While Apple’s entry into the market is almost guaranteed to boost the industry’s profile, in reality the fashion industry has been driving fashion tech for years. Fashion tech is much more than just tech inside a timepiece, and nowhere is this more apparent than in London.

In 2010, London Fashion Week was the first in the world to grant access to the masses by live streaming the runways. What had previously been exclusive and elite became accessible to everyone, all because of technology.

Now, everyone has their smartphone camera primed, ready to make their contribution to the zeitgeist. Social media is part of the very fabric of London Fashion Week. Paris may be the undisputed capital of high fashion, but when it comes to high tech fashion, London leads.

The next generation of high tech fashionistas are already emerging. They are incorporating tech into stylish products, realising that for fashion tech to thrive, it has to be about the fashion first.

Two rising stars from this growing trend are Kate Unsworth and Roberta Lucca.

Unsworth is a former model and mathematician bringing her two worlds together to create Kovert Designs, her own digital agency. Kovert’s first product line is a beautiful riposte to the consistently disappointing world of wearable tech.

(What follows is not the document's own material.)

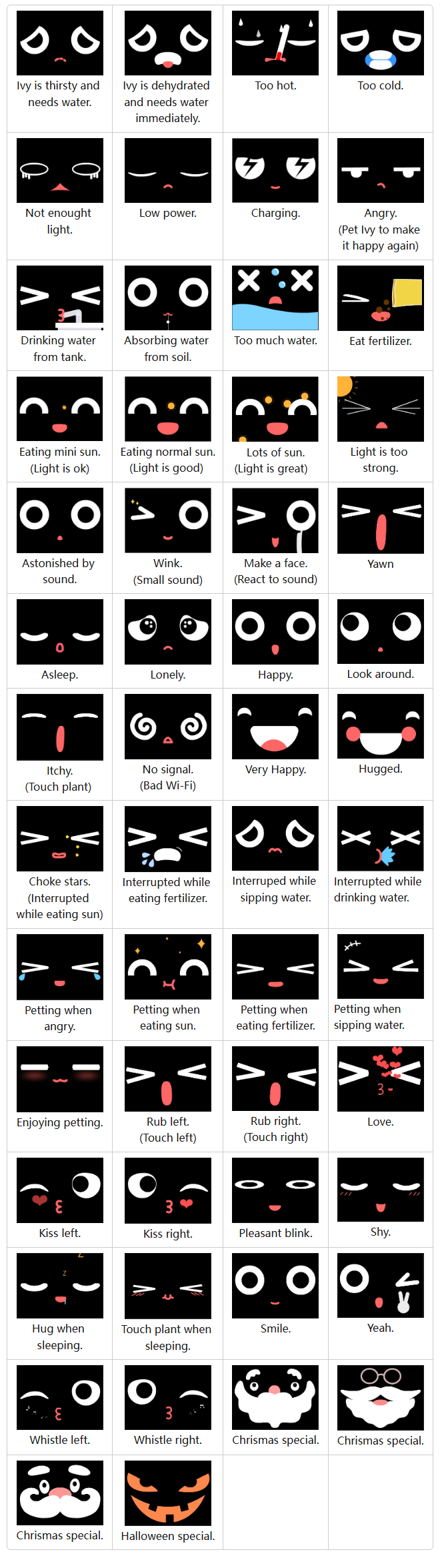 The list below outlines most of Ivy's expressions and their corresponding meanings. Ivy’s behavior is powered by behavior model technology, and with OTA upgrades and system file hot updates, Ivy will gain more expressions and behavioral interactions over time. We will keep this list as up-to-date as possible.

The early prototypes are gorgeous. Unsworth began her career in the fashion industry, so the aesthetics of her modular jewellery collection are couture-sharp. They promise to enhance rather than complicate your life; pieces can be personalised to alert the wearer only when important contacts or urgent keywords are recognised, so you control your social channels instead of being a slave to them. The tech is fashionable as well as unobtrusive, much as the new Apple Watch promises to be.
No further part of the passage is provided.